Figure 3 The mean percentage of

the

Figure 3 The mean Epacadostat cost percentage of

the positively immunostained cells for p53, p16, bcl-2, ki-67, c-myc, Rb, and EGFR in tumor tissue sections of SBT in relation to (A) histopathology; SCC and TCC. (B) Grade of the tumor; high and low grades. (C) Invasiveness of the tumor; invasive and non-invasive (D) Stage of cancer; late (stages VI and III) and early stages (stages I and II). (E) Presentation of the disease; first presentation and recurrent. Regarding NSBT, only p53 and c-myc were clearly associated with SCC while EGFR, unlike in SBT, was associated with TCC (P < 0.05) (Figure. 4-A). All studied markers were higher in high grade tumors than in low grade and p16 was very low in high grade tumors (P < 0.05) (Figure. 4-B). Bcl-2, c-myc, and EGFR were higher in invasive than in non-invasive tumors while p16 and Rb, unlike in SBT, were lower in invasive selleck than in non-invasive (P < 0.05) (Figure. 4-C). Ki-67, c-myc, and EGFR were higher in late stages

of the disease than MDV3100 datasheet early stages while p16 and Rb were lower in late than early stages (P < 0.05) (Figure. 4-D). Bcl-2 was higher and p16 and Rb were lower in recurrent than in first presentation (P < 0.05) (Figure. 4-E). Figure 4 The mean percentage of the positively immunostained cells for p53, p16, bcl-2, ki-67, c-myc, Rb, and EGFR in tumor tissue sections of NSBT in relation to (A) histopathology; SCC and TCC. (B) Grade of the tumor; high and low grades. (C) Invasiveness of the tumor; invasive and non-invasive.

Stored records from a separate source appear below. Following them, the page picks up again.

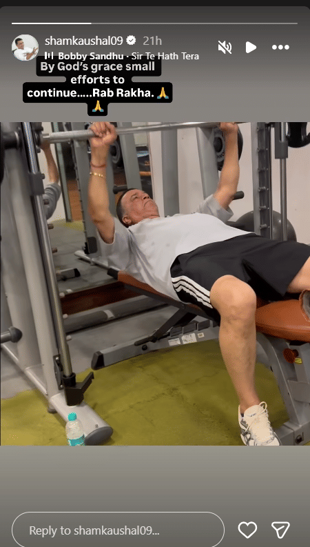 शाम कौशल ने अपनी इंस्टाग्राम स्टोरी पर वर्कआउट करते हुए एक वीडियो शेयर किया है। इस वीडियो में शाम जिम में जमकर कसरत करते नजर आ रहे हैं। इस वीडियो के साथ शाम ने कैप्शन में लिखा, 'ईश्वर की कृपा से छोटे-छोटे प्रयास जारी रखने की प्रेरणा मिलती है।'
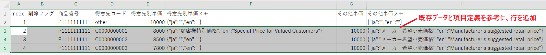 ダウンロードした CSV ファイルに行を追加する形で、得意先別単価のデータを作成します。
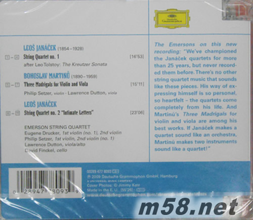 楊納杰克:第一&二號弦樂四重奏Janacek:String Quartet No.1(m58.net) 楊納杰克的文學造詣可謂非常深厚,他曾經根據奧斯特洛夫斯基的戲劇《大雷雨》、杜斯妥耶夫斯基小說《死屋手記》譜成歌劇《卡嘉‧卡巴諾娃》與《死屋手記》,而第一號弦樂四重奏的創作靈感就是來自列夫‧托爾斯泰的小說《克羅采奏鳴曲》。楊納杰克非常喜愛以音樂來描寫女人,在寫給晚年愛慕的女性卡蜜拉的信里,楊納杰克就提到這首作品是描寫《克羅采奏鳴曲》那些被丈夫當成奴隸的妻子;而第二號弦樂四重奏《心言》表現的,正是楊納杰克對卡蜜拉愛意。 約莫在1930年代早期,德國作曲家馬替努對於巴洛克時期的大協奏曲曲式產生濃厚的興趣,並且以仿大協奏曲風格為獨奏樂器創作。接著馬替努的興趣又移轉到十四世紀的牧歌。一般人對於牧歌的印象一直停留在聲樂曲上,但是到了巴洛克時期,牧歌的意義擴展到泛指任何世俗復音音樂,包括聲樂曲與器樂曲。馬替努的作品里,以「牧歌」為名的,至少就有二十首。馬替努創作這一套三首,為小提琴與中提琴所寫的牧歌(又稱為第一號二重奏)時,他因為從十英尺高的地方跌落水泥地,頭骨摔破而被迫靜養。病榻上的馬替努專注於室內樂創作,特別是當時最沉迷的弦樂作品,因此這三首以奏鳴曲式寫成的牧歌的弦樂技巧並不容易,規模也不小。 艾默森弦樂四重奏是一個理性而且具有高度默契與演奏技巧的團體。溫暖的音色中仍時時透露著明晰亮麗的美式美感與強烈的熱情,以及對於音樂的強烈共鳴。創團之初,楊納杰克兩部弦樂四重奏就是該團最常演出的曲目之一,艾默森弦樂四重奏以極其細膩的方式演奏,精致地描繪出屬於楊納杰克內心的聲音色彩。
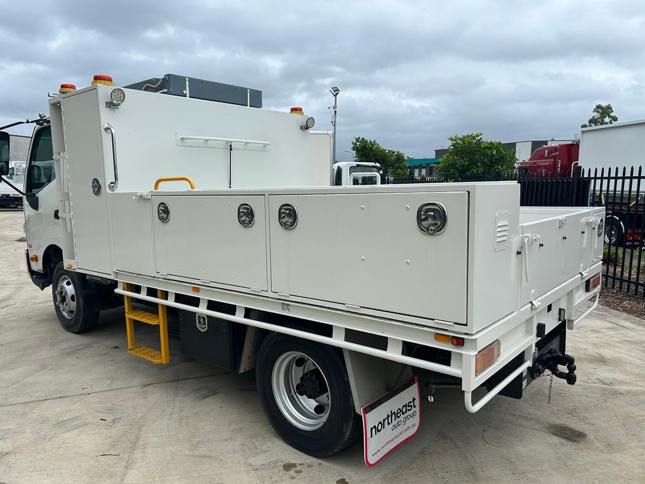 Fitted with steel service body with 5 storage tool boxes, reverse camera, 3500kg rated tow bar and canvas seat covers.

(D) Stage of cancer; late (stages VI and III) and early stages (stages I and II). (E) Presentation of the disease; first presentation and recurrent. The behavior of the studied markers Silibinin in SBT and NSBT was sometimes similar and sometimes different in relation to the clinicopathological criteria. Collectively, in both SBT and NSBT, the similar behavior of the studied markers was as follows; a) p53 was associated with SCC. b) p53, bcl-2, and c-myc were higher in high grade tumors. c) Bcl-2, c-myc, and EGFR were higher in invasive than non-invasive tumors. d) P16 and Rb were lowered in late stages of the disease (III and IV) while c-myc was higher. e) Rb and p16 were lowered in the recurrent presentation. On the other hand, the main lines of difference in the expression of the studied markers between SBT and NSBT were briefly as follows: a) In SBT, bcl-2, Rb, and EGFR were associated with SCC while in NSBT c-myc was associated with SCC and EGFR was associated with TCC. b) ki-67, Rb, and EGFR were higher in high grade tumors in NSBT rather than SBT. c) ki-67 was higher in invasive than in non-invasive tumors in SBT while p16 and Rb were lower in invasive than in non-invasive in NSBT. d) EGFR and ki-67 were higher in late stages of the disease in NSBT only. e) Bcl-2 in NSBT was higher in recurrent cases than first time presentation.